THE DEVELOPMENT AND IMPLEMENTATION OF CHIRPED-PULSE FREQUENCY COMBS AT MILLIMETER WAVELENGTHS

Abstract

Technological advances in such areas as active multiplier chains and high-speed digital electronics are enabling the development of sensitive high-throughput spectroscopic instruments in the millimeter and submillimeter ranges. Recently there has been an effort to develop multiplexed direct absorption spectroscopy techniques that use frequency comb sources derived from phase-locked pulse trains (often created using ultrafast lasers).
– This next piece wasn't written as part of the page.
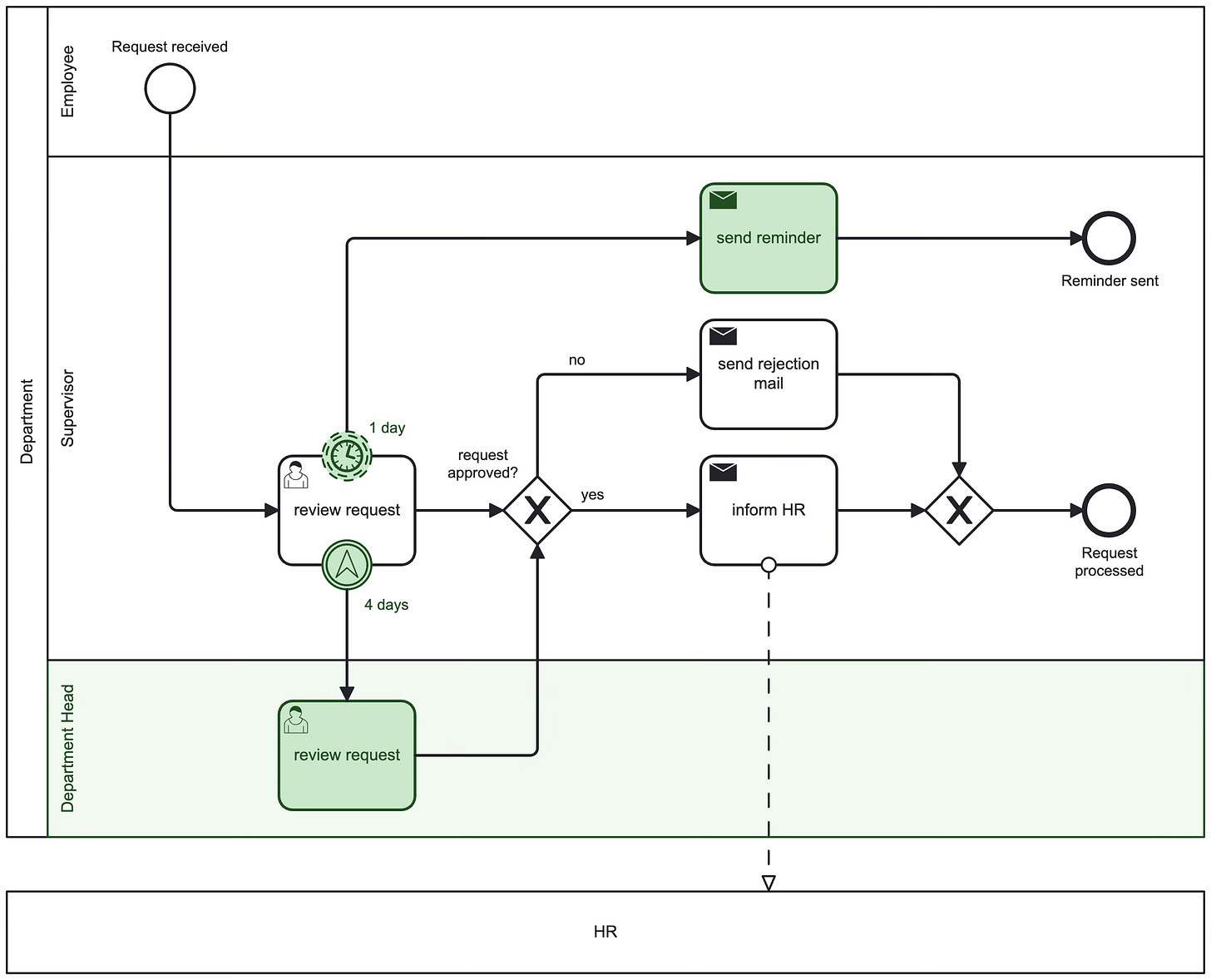Now, there are two new elements attached to the manual task, indicating some time restrictions. They lead to follow-up tasks for the supervisor and the department head. Let’s look at them one by one.

We have used a high-speed arbitrary waveform generator (AWG with 12 GHz sample rate) to create frequency combs at mm-wave wavelengths using a chirped pulse as the repeating waveform. This waveform has important advantages including 100\% duty cycle for the light output and compatibility with the use of frequency multiplier chains that extend the bandwidth of the comb proportional to the frequency multiplication factor. A new spectrometer operating in the 260-290 GHz range using active multiplier chains has been constructed to test the capabilities of chirped-pulse frequency comb spectroscopy for molecular rotational spectroscopy. The spectral properties of the mm-wave combs generated following x24 frequency multiplication, methods for compressed bandwidth detection using a dual-comb approach, and frequency comb analogs of FM spectroscopy will be presented.